Les Amérindiens chassaient le bison depuis des siècles . Pour les nations qui vivaient de la chasse au bison, cette activité faisait partie de leur culture essentiellement nomade et les animaux leur fournissaient une subsistance vitale : de la viande pour se nourrir, des peaux pour s’abriter et se vêtir, et des os pour fabriquer des outils. (Dans le langage courant et les sources historiques, ces animaux sont souvent appelés « buffles », car c’est ainsi que les premiers colons les appelaient, bien que les deux soient en fait différents .)
Les peuples autochtones de toute l’Amérique du Nord dépendaient de cet animal, explique Hubbard.
« Éliminer cette espèce clé revenait donc à utiliser la famine comme une arme contre les peuples autochtones : nous affaiblir pour nous contrôler et nous chasser de nos territoires. »
Malgré l’utilité des bisons, les estimations évaluent les prises des chasseurs amérindiens à moins de 100 000 par an , ce qui ne fait guère de différence dans la population du début des années 1800, qui était comprise entre 30 et 60 millions de bisons .
Au 1er janvier 1889, il ne restait plus que 456 bisons de race pure aux États-Unis – et 256 d’entre eux étaient en captivité, protégés dans le parc national de Yellowstone et dans une poignée d’autres sanctuaires.

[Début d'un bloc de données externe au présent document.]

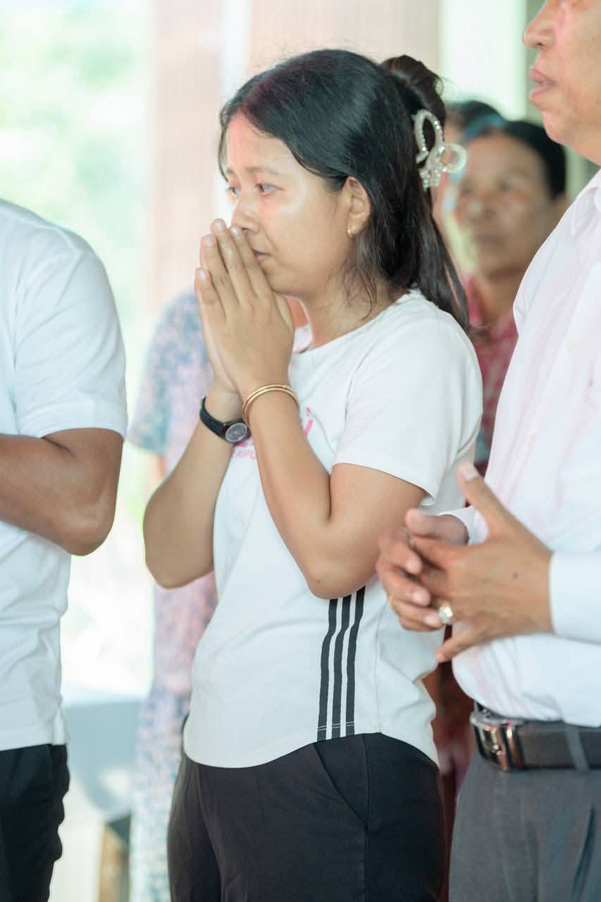 ក្នុងបរិយាកាសដ៏សែនរន្ធត់ក្រៀមក្រំសោកសៅនោះ យេីងខ្ញុំទាំងអស់គ្នា សូមឧទ្ទិសបួងសួងដល់គុណបុណ្យព្រះរតនត្រ័យ វត្ថុស័ក្តិសិទ្ធិទាំងឡាយក្នុងលោក ជួយដឹកនាំដួងវិញ្ញាណក្ខន្ធ លោកអនុសេនីយ៍ត្រី មឿន សាម៉េត ទៅសោយសុខក្នុងឋានសុគតិភព កុំបីឃ្លៀងឃ្លាតឡើយ។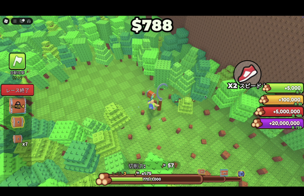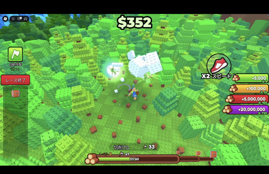 - 近場の木をテンポ良く回す → 強化 → 太い木に挑戦、の小さな周回が効率◎。

Les raisons du massacre de bisons sont nombreuses : la construction de trois lignes de chemin de fer traversant les zones les plus peuplées, qui a entraîné une nouvelle demande pour la peau et la viande de l’animal ; l’apparition de fusils modernes qui ont rendu l’abattage du bison relativement facile ; l’absence de mesures de protection qui auraient pu freiner la chasse.
Mais il y avait aussi des raisons plus sinistres et plus ciblées pour expliquer le déclin des animaux, au-delà de la simple demande accrue de produits à base de bison – nous y reviendrons plus tard.
Et même le besoin apparemment pratique des colons en viande et en peau de bison était finalement lié à la colonisation et à la conquête, disent les historiens.
« Le désir de richesse et de pouvoir sous forme de propriété foncière, d’esclavage, la volonté de croissance et de profit sans fin et la marchandisation des ressources naturelles sont les raisons de la chasse excessive et intense du bison et des attaques politiques et physiques contre la nation indigène et l’humanité depuis cinq siècles », explique Bethany Hughes, membre de la nation Choctaw d’Oklahoma et professeure adjointe au département d’études amérindiennes de l’Université du Michigan.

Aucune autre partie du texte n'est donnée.